Work to complete – Pull out of the data below the stretch of lines bounded by the one containing "The Poly Hanging" and the one containing "Dit stoere denim", both bounds included, unchanged.

Task material –
..............................

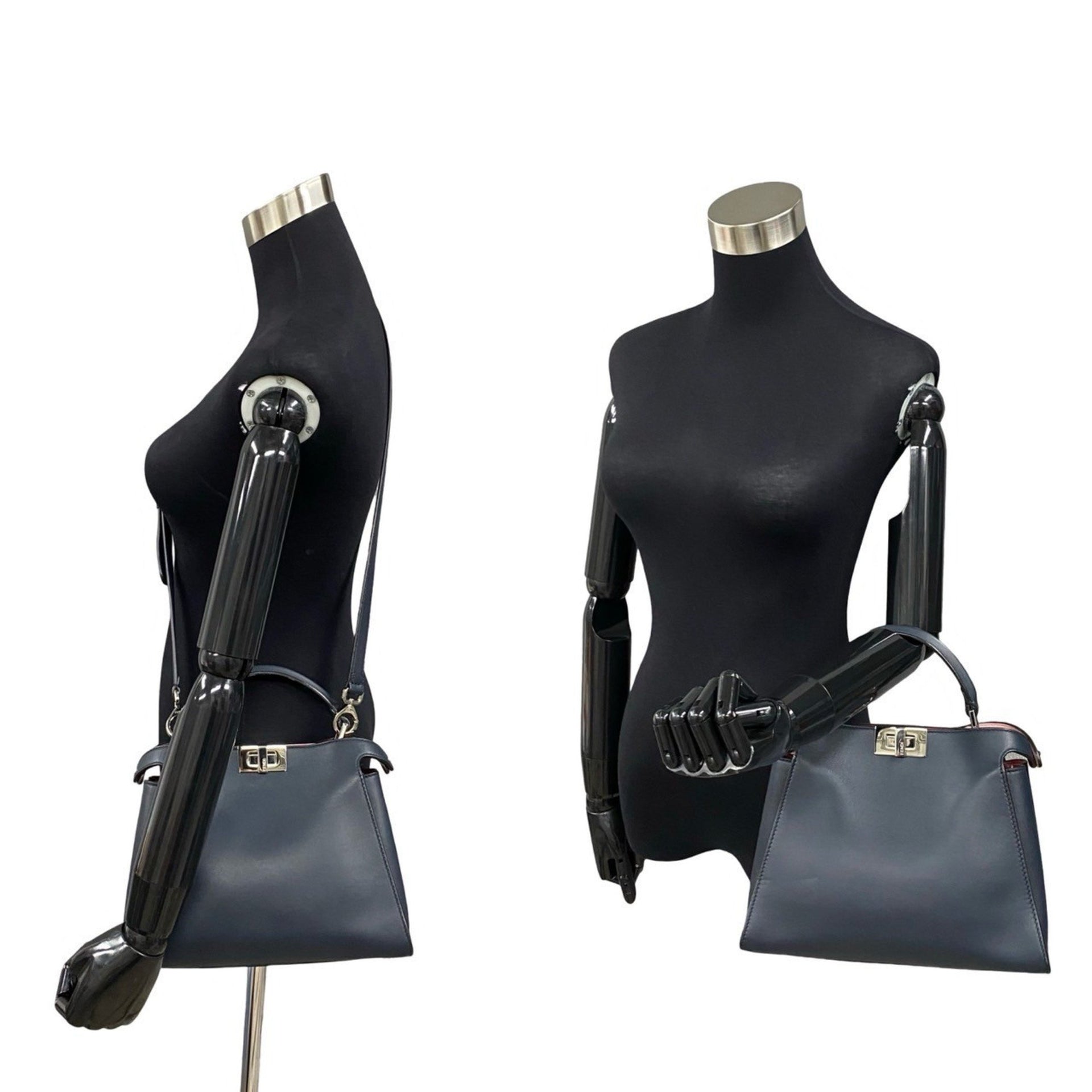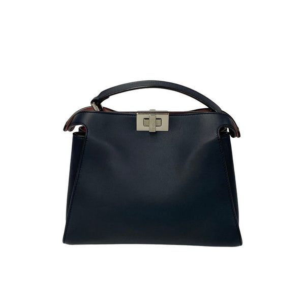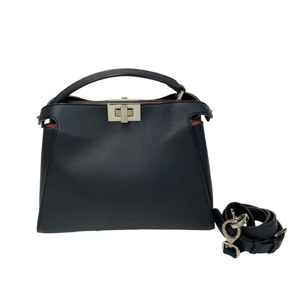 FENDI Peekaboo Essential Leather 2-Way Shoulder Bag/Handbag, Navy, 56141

..............................

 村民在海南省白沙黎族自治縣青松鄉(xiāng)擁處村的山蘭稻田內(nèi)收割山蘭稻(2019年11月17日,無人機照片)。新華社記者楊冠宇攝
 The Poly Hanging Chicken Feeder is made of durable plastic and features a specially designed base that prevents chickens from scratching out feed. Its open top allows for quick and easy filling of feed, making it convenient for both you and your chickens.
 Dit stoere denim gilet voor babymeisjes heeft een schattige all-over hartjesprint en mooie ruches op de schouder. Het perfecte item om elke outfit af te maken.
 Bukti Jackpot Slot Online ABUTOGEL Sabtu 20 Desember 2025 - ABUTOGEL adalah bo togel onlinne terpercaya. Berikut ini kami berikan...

..............................

Result below –
 The Poly Hanging Chicken Feeder is made of durable plastic and features a specially designed base that prevents chickens from scratching out feed. Its open top allows for quick and easy filling of feed, making it convenient for both you and your chickens.
 Dit stoere denim gilet voor babymeisjes heeft een schattige all-over hartjesprint en mooie ruches op de schouder. Het perfecte item om elke outfit af te maken.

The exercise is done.